Hey... you know, since the O rings came in packs of 25, I could go put new O rings on my junker HPFP, swap that in, and see what it does... Ok I think I may do this.

In the meantime, still interested to see an actual reading taken as follows:

(1) Cold condition, preferably before first start of the day.
(2) Turn car on but do NOT start the engine.
(3) Read fuel line pressure using OBD tool. This will be the initial fuel line pressure from the car doing its usual initial pressurization.

Can we collect some data points? I can't be the only one out here eyeballing their car's electronic data

 

So this is interesting....

changed the o rings to correct size and material....straight away error code....low fuel rail pressure and torque pro reading 81psi....

Very odd as the previous o rings didn't give me low pressure. Only difference is I lubed the o rings. Maybe something isn't connected right 🤔

The 3 o rings are:

BS011
BS011 Back up (the hard piece under the small o ring)
BS012
BS015

And they need to be Viton material I believe

Edit - BS015 doesn't appear to be correct, it's not thick enough. I have changed it back to the previous one and still low pressure.

I think the one that is the issue is the bigger of the 2, the solenoid is very easy to pull out where as before it took a fair bit of effort to wiggle out.

I can't see fuel leaking out of anywhere and the pipes appear secure. It is going to be one of the o rings inside that's the issue. I'm letting it cool down currently and I'll have it off again. I can get it off in 5 mins now so not too bad.

 

This is interesting. Ok. I didn't replace the bottom ring at at all. I also did NOT replace the hard piece under the smallest O-ring. Am I reading that you replaced that hard piece with another O ring?
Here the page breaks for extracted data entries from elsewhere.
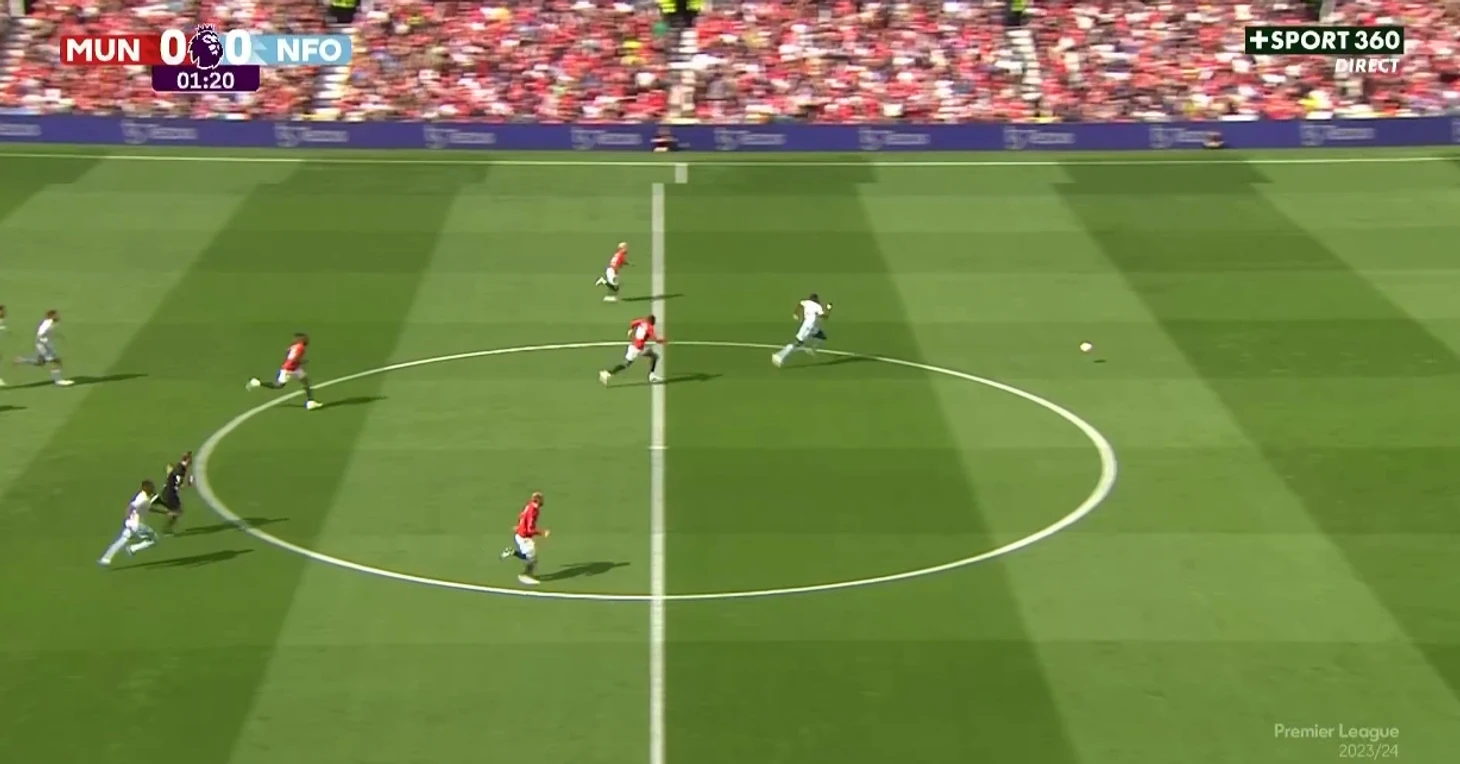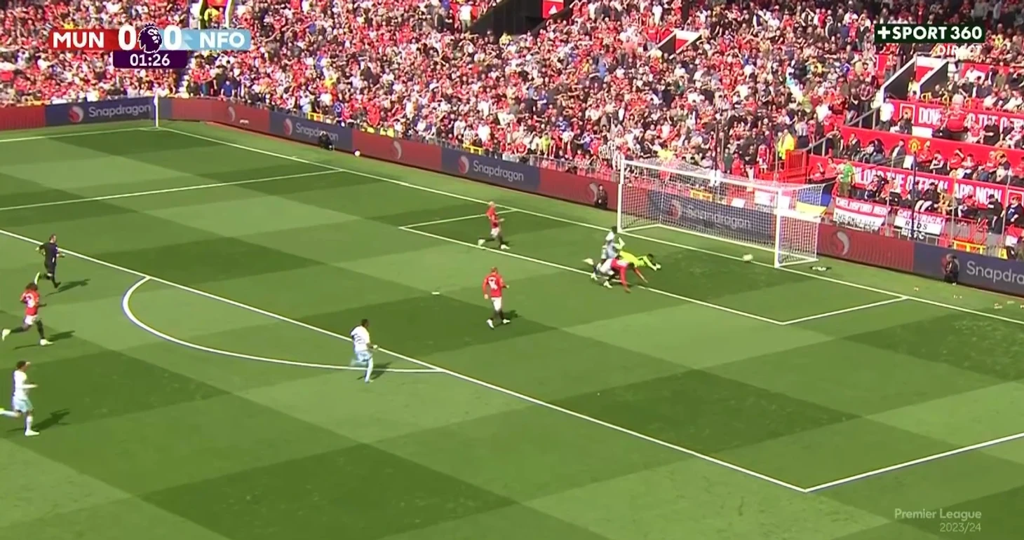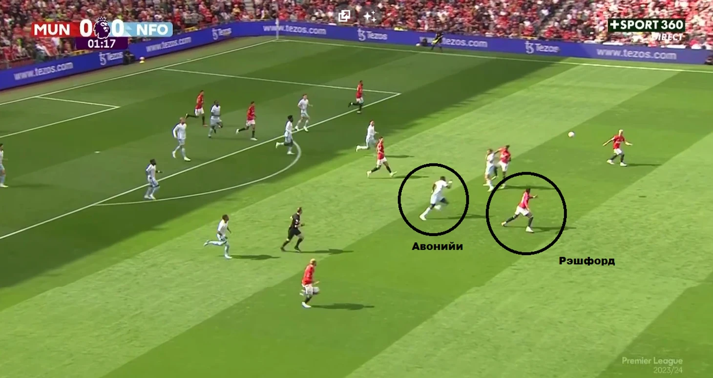 Команда Тен Хага получила право на угловой и подала его настолько плохо, что вынос мяча игроком «Форест» вывел Тайво Авонийи один на один с Андре Онана. Удивительно то, что роль последнего защитника внезапно исполнял... Маркус Рэшфорд.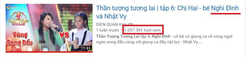 Phần thi mới nhất của Nghi Đình khi thể hiện bài hát "Chị Hai" tại vòng Song đấu cũng nhận được hơn 1 triệu lượt xem.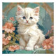 Photo Print featuring a white cat in the style of Alphonse Mucha! This blue eyed fluffy kitten poses with pink flowers and blue blankets. A fabulous gift for cat lovers and Art Nouveau collectors!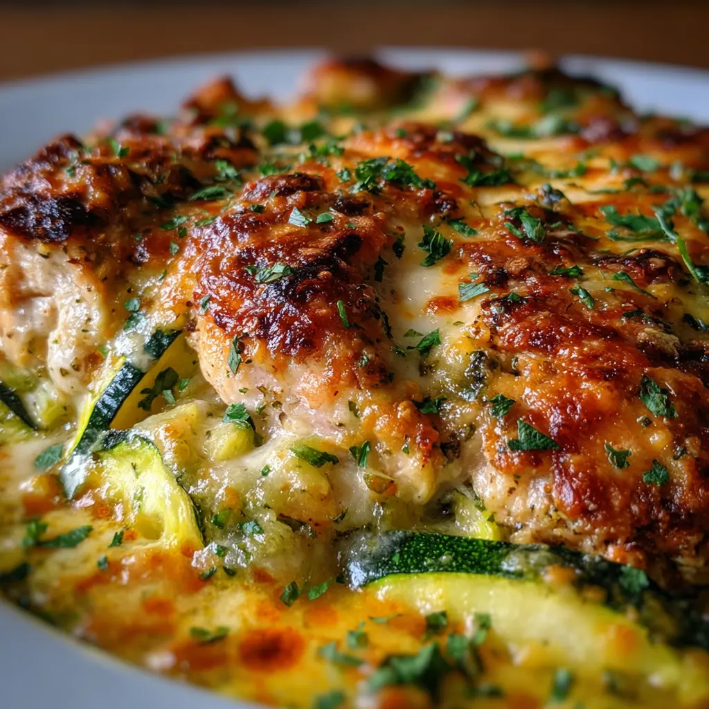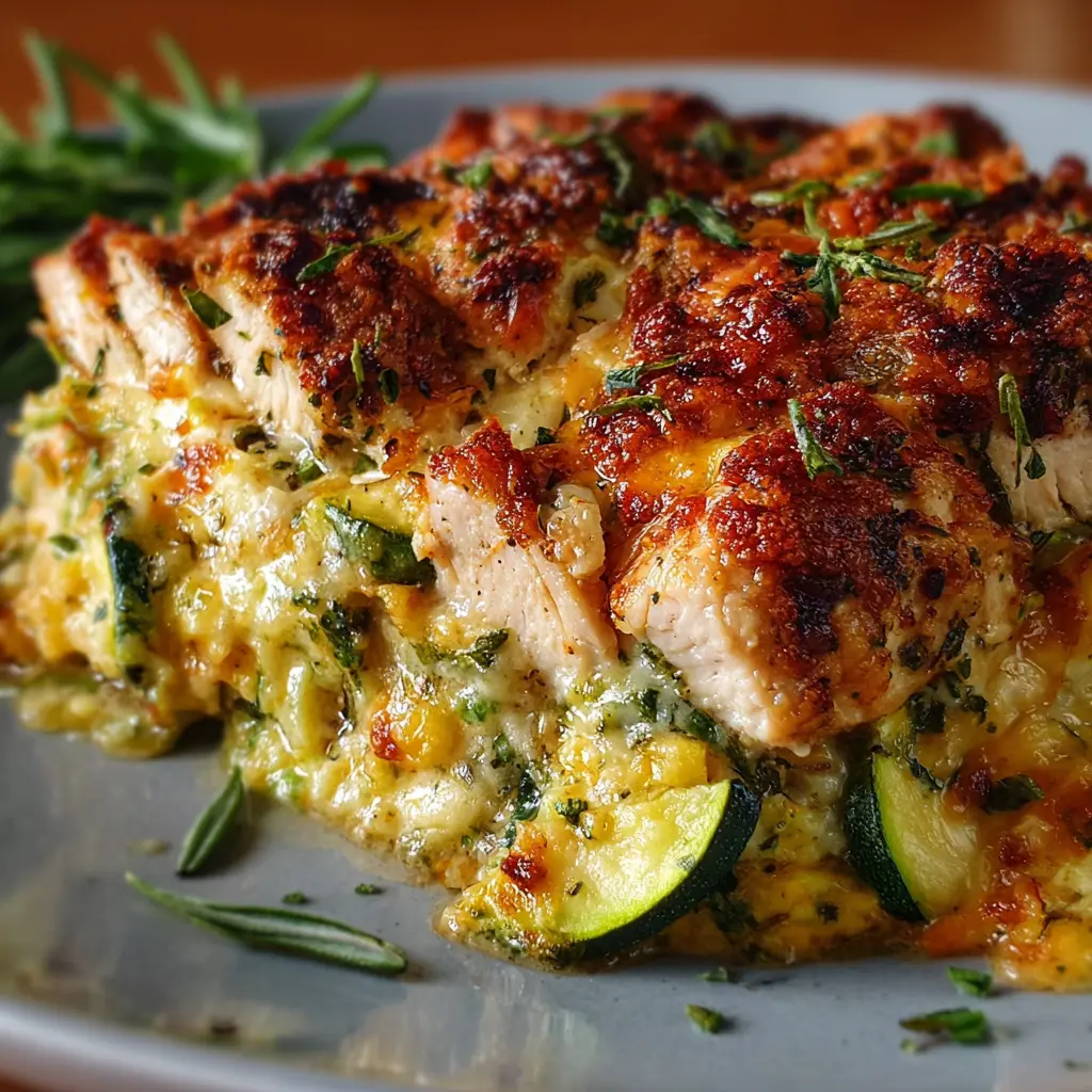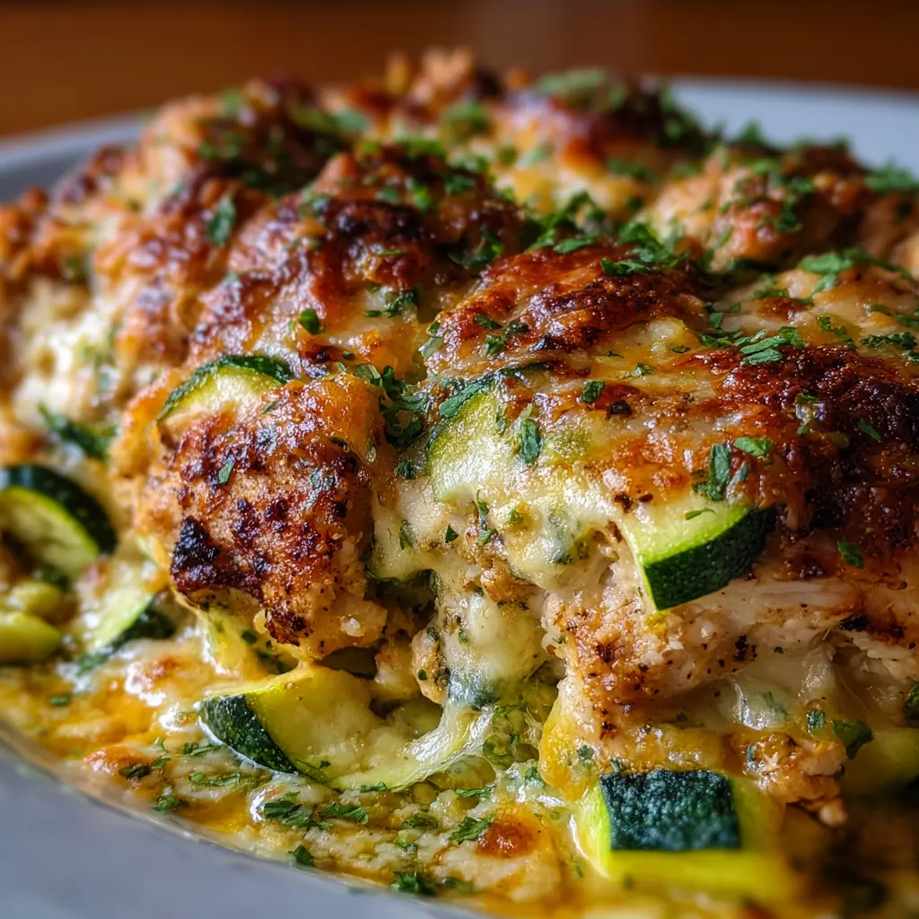 A comforting and delicious casserole perfect for family dinners, featuring tender chicken and zucchini in a cheesy sauce.

The hard piece had a diagonal slit in it that I and my dad figured was there to provide some blowby/pressure relief functionality -- I wouldn't recommend replacing it with something of another material+design.

I did lubricate the rings, but I may not have handled it the same way as you. What kind of lubrication did you use, and how much of it? I used petroleum jelly, I lubed the rings before actually performing assembly, and I was very careful to make sure (1) that no jelly got into the holes on the solenoid shaft and (2) that there was no excess jelly anywhere. Like you I had no fuel leaks, and I noted that the solenoid took a little work to wiggle out at initial disassembly (at least if one didn't simply pry it with a screwdriver).

I also have an update -- some interesting data that I think points at the O rings not seating quite right at initial insertion, possibly then causing the warmup issue.

I decided to cold start and aggressively push the car this morning (maybe 18 degrees out). So I cold started -- no trouble, excepting the expected complaint codes and being in limp mode (low 80s PSI). I drove until coolant temp was above 122, then stopped/started the engine. It threw a pending P306F ("Fuel Rail Pressure, Minimum Pressure Fallen Below, Injection Cut-Off") -- that was new. But BOOM, I had normal pressure (700+) and associated performance. During that drive, though, doing maybe 45MPH and going up a shallow hill, the car began to stammer and stumble hard, hard enough that I backed off the gas. The car recovered. A glance at the graph showed that at that moment, PSI did a sharp drop to about 545, and then came back up. A little further along I had a dip all the way down into the 460 PSI range, immediately followed by a spike to above 2000 PSI.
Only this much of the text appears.